Malgré l'afflux touristique estival qui compte en millions de visiteurs, Espelette maintient un taux de résidences secondaires remarquablement bas pour une destination si prisée : 11,7% en 2011 et seulement 9% prévus pour 2025. Le maire vérifie systématiquement les projets d'installation : « Je demande toujours aux nouveaux arrivants s'ils comptent vivre ici à l'année. Nous refusons un village aux volets perpétuellement clos. »

L'objectif municipal est clair : privilégier les jeunes couples qui vivent et travaillent au Pays basque. Mais l'équation est complexe face à la spéculation. « Lorsqu'un terrain constructible est mis en vente, avec les prix actuels, aucun jeune du village ne peut rivaliser », déplore l'édile. « Les acquéreurs sont prêts à engager des sommes astronomiques pour s'offrir un pied-à-terre dans notre commune. »

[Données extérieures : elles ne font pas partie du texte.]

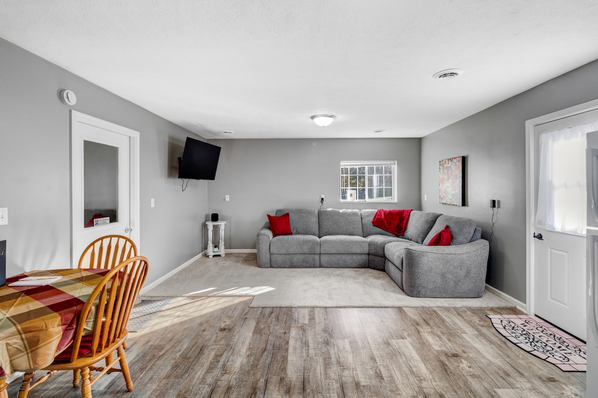 Détendez-vous dans cette grange confortable de plain-pied (appartement de style grange polaire) entre Grand Rapids et Lansing. Comprend une cuisine complète, un lave-linge/sèche-linge, une connexion Wi-Fi, une section inclinable et un grand garage. Profitez de la vue sur la campagne : l'endroit idéal lorsque les options d'hébergement local sont limitées !

Des solutions concrètes contre la spéculation

Pour contrer cette dynamique, la municipalité mise sur plusieurs leviers :

  • La préemption de logements vacants : Environ 11% des habitations sont inoccupées, principalement des maisons en indivision. La mairie a identifié une dizaine de biens dans le centre-bourg qu'elle souhaite acquérir pour les réhabiliter.
  • Le développement de logements accessibles : L'objectif est de densifier le cœur du village avec des habitats sociaux destinés aux jeunes ménages.
  • Le recours au bail réel solidaire (BRS) : Ce dispositif permet de proposer des logements à des prix maîtrisés, bien en deçà du marché privé.

Des projets concrets voient déjà le jour. Bouygues Immobilier a obtenu un permis de construire pour 23 logements près de l'école publique. La moitié de ces habitations seront en logement social ou en BRS, avec des maisons de quatre à cinq pièces proposées à 245 000 euros. Parallèlement, Habitat Sud Atlantic livrera en 2027 trois duplex T4 dans le quartier Bassebourg, également vendus à 245 000 euros en BRS.

Face au tourbillon spéculatif, Espelette démontre qu'une autre voie est possible : préserver son âme villageoise tout en garantissant un avenir à sa jeunesse. Un équilibre fragile mais essentiel pour l'avenir de ce joyau du Pays basque.